§ **Aim of the exercise**: Repeat the data exactly, please; no pictures belong in the copy.

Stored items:
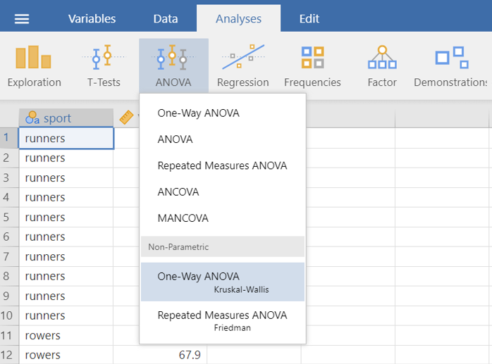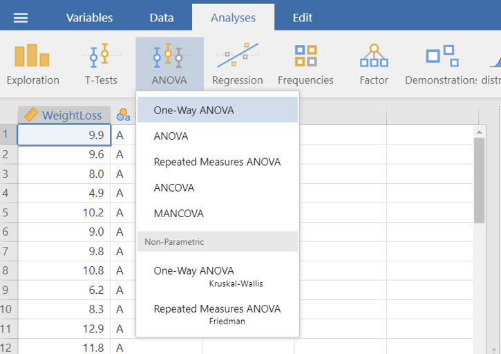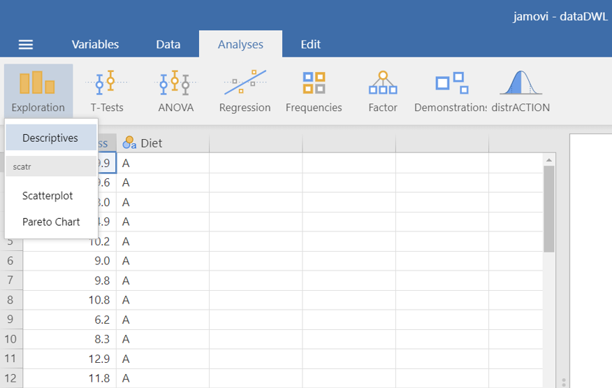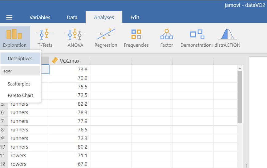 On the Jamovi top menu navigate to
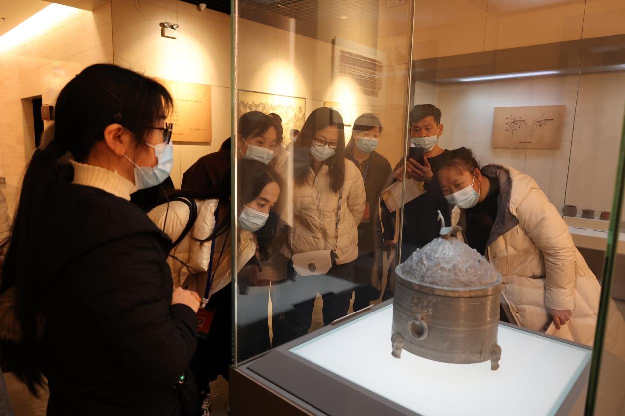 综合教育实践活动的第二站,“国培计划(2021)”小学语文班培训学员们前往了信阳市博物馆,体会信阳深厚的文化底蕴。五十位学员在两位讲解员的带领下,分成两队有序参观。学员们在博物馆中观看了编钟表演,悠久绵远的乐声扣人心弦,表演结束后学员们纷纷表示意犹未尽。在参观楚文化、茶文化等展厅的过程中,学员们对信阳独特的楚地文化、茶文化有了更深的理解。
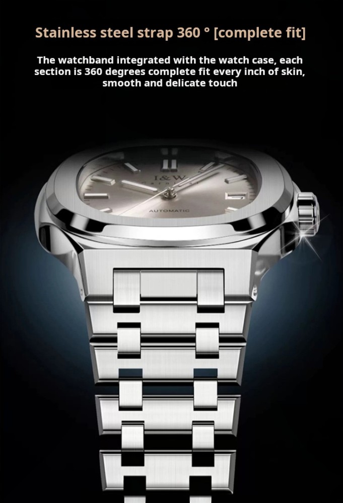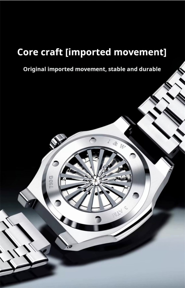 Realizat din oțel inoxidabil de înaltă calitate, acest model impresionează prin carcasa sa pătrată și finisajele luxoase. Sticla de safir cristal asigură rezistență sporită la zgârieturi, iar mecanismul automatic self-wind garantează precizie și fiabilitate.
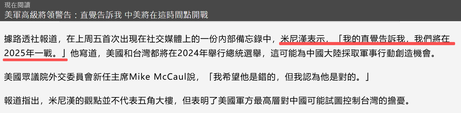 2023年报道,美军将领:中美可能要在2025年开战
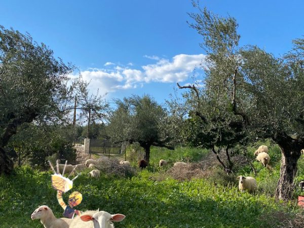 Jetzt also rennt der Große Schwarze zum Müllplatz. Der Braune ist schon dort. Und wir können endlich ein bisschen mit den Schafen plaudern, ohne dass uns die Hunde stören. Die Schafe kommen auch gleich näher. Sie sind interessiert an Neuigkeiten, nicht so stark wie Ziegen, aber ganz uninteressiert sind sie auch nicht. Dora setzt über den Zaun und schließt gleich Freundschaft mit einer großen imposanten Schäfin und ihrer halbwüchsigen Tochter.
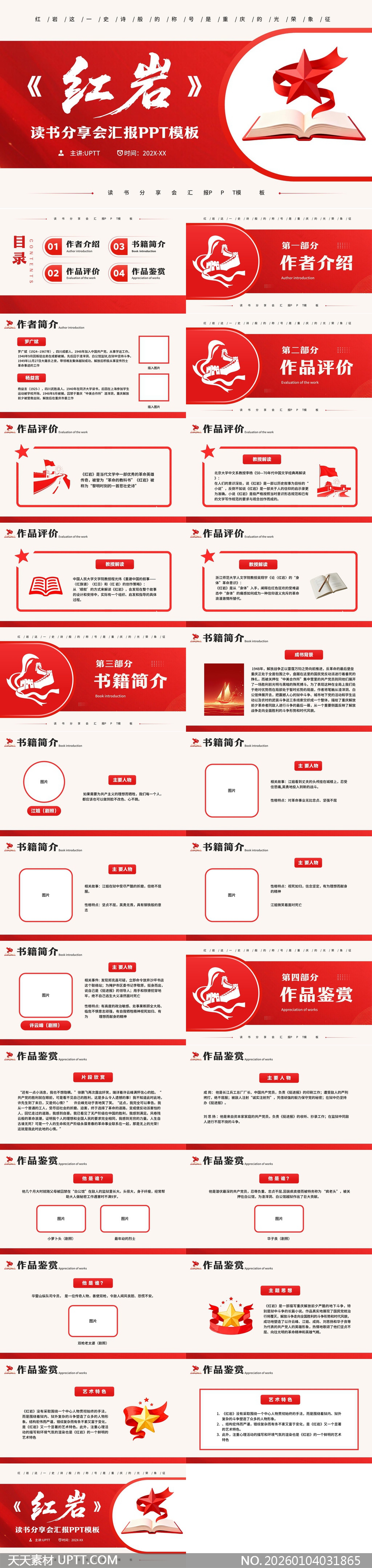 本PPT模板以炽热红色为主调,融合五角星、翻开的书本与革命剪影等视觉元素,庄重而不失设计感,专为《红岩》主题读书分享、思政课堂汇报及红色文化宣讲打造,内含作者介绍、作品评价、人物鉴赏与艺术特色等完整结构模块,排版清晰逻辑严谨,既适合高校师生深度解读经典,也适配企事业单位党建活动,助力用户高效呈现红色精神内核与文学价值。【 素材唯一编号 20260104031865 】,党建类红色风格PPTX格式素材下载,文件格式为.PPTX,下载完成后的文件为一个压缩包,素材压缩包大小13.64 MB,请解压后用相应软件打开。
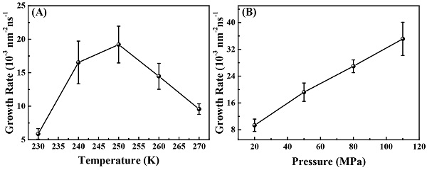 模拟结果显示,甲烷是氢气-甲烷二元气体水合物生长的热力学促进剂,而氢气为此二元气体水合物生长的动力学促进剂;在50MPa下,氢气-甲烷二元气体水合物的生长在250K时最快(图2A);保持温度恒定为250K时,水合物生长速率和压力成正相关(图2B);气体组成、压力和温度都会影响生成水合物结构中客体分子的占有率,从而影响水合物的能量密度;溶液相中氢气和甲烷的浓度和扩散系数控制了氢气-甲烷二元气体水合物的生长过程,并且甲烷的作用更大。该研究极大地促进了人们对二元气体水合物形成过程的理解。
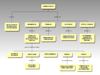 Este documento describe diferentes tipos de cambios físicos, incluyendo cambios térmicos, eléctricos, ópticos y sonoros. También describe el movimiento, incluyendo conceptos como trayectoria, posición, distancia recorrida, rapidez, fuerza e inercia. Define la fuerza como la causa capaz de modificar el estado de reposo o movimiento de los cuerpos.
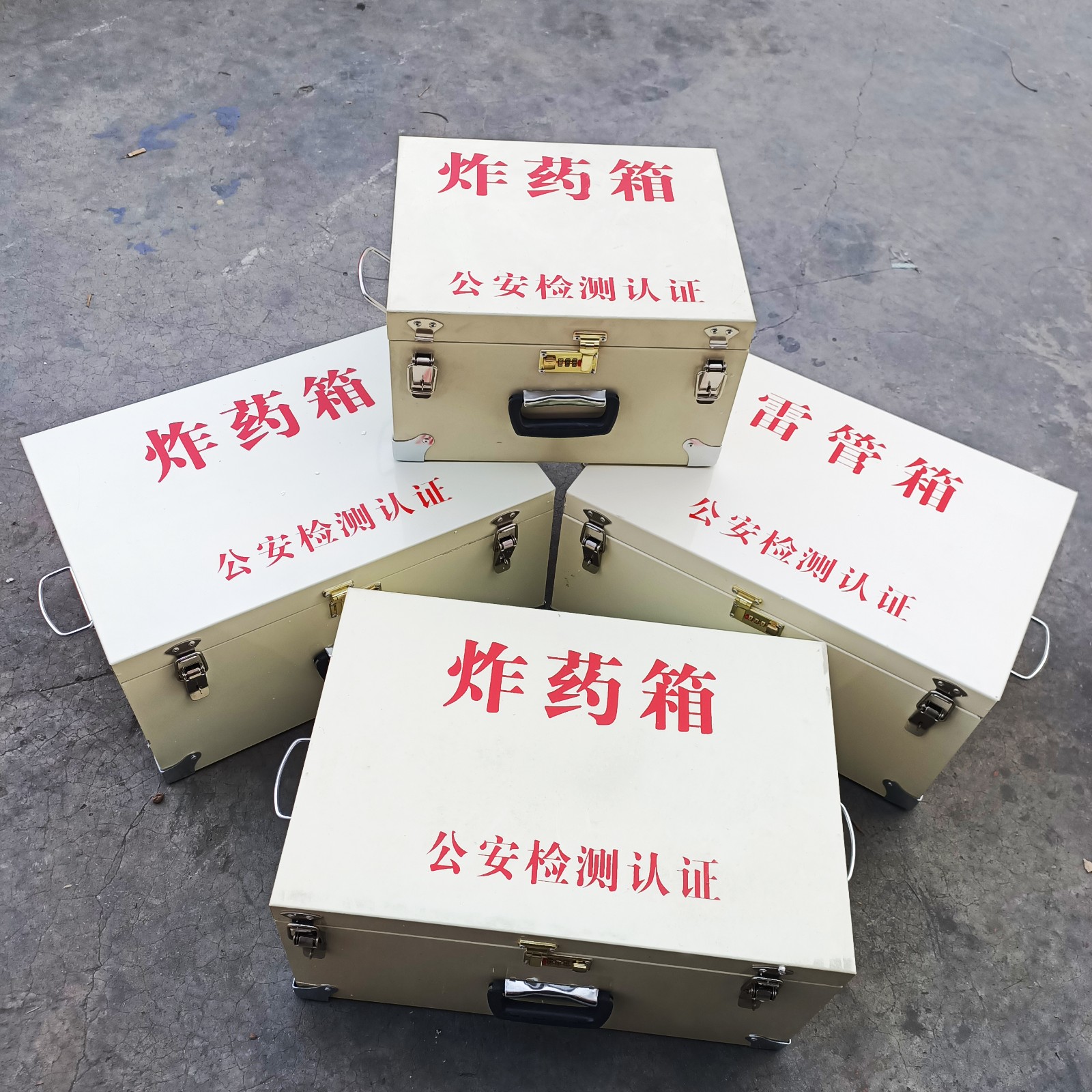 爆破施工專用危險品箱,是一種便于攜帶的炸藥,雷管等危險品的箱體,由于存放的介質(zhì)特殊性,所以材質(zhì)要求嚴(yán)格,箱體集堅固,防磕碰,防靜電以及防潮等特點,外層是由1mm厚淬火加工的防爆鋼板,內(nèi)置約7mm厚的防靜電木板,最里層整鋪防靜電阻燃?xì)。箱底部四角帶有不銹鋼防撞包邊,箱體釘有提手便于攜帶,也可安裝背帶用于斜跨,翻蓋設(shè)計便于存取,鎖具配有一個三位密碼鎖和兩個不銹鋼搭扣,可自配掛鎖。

§ **Task solution**:
 On the Jamovi top menu navigate to
 综合教育实践活动的第二站,“国培计划(2021)”小学语文班培训学员们前往了信阳市博物馆,体会信阳深厚的文化底蕴。五十位学员在两位讲解员的带领下,分成两队有序参观。学员们在博物馆中观看了编钟表演,悠久绵远的乐声扣人心弦,表演结束后学员们纷纷表示意犹未尽。在参观楚文化、茶文化等展厅的过程中,学员们对信阳独特的楚地文化、茶文化有了更深的理解。
 Realizat din oțel inoxidabil de înaltă calitate, acest model impresionează prin carcasa sa pătrată și finisajele luxoase. Sticla de safir cristal asigură rezistență sporită la zgârieturi, iar mecanismul automatic self-wind garantează precizie și fiabilitate.
 2023年报道,美军将领:中美可能要在2025年开战
 Jetzt also rennt der Große Schwarze zum Müllplatz. Der Braune ist schon dort. Und wir können endlich ein bisschen mit den Schafen plaudern, ohne dass uns die Hunde stören. Die Schafe kommen auch gleich näher. Sie sind interessiert an Neuigkeiten, nicht so stark wie Ziegen, aber ganz uninteressiert sind sie auch nicht. Dora setzt über den Zaun und schließt gleich Freundschaft mit einer großen imposanten Schäfin und ihrer halbwüchsigen Tochter.
 本PPT模板以炽热红色为主调,融合五角星、翻开的书本与革命剪影等视觉元素,庄重而不失设计感,专为《红岩》主题读书分享、思政课堂汇报及红色文化宣讲打造,内含作者介绍、作品评价、人物鉴赏与艺术特色等完整结构模块,排版清晰逻辑严谨,既适合高校师生深度解读经典,也适配企事业单位党建活动,助力用户高效呈现红色精神内核与文学价值。【 素材唯一编号 20260104031865 】,党建类红色风格PPTX格式素材下载,文件格式为.PPTX,下载完成后的文件为一个压缩包,素材压缩包大小13.64 MB,请解压后用相应软件打开。
 模拟结果显示,甲烷是氢气-甲烷二元气体水合物生长的热力学促进剂,而氢气为此二元气体水合物生长的动力学促进剂;在50MPa下,氢气-甲烷二元气体水合物的生长在250K时最快(图2A);保持温度恒定为250K时,水合物生长速率和压力成正相关(图2B);气体组成、压力和温度都会影响生成水合物结构中客体分子的占有率,从而影响水合物的能量密度;溶液相中氢气和甲烷的浓度和扩散系数控制了氢气-甲烷二元气体水合物的生长过程,并且甲烷的作用更大。该研究极大地促进了人们对二元气体水合物形成过程的理解。
 Este documento describe diferentes tipos de cambios físicos, incluyendo cambios térmicos, eléctricos, ópticos y sonoros. También describe el movimiento, incluyendo conceptos como trayectoria, posición, distancia recorrida, rapidez, fuerza e inercia. Define la fuerza como la causa capaz de modificar el estado de reposo o movimiento de los cuerpos.
 爆破施工專用危險品箱,是一種便于攜帶的炸藥,雷管等危險品的箱體,由于存放的介質(zhì)特殊性,所以材質(zhì)要求嚴(yán)格,箱體集堅固,防磕碰,防靜電以及防潮等特點,外層是由1mm厚淬火加工的防爆鋼板,內(nèi)置約7mm厚的防靜電木板,最里層整鋪防靜電阻燃?xì)。箱底部四角帶有不銹鋼防撞包邊,箱體釘有提手便于攜帶,也可安裝背帶用于斜跨,翻蓋設(shè)計便于存取,鎖具配有一個三位密碼鎖和兩個不銹鋼搭扣,可自配掛鎖。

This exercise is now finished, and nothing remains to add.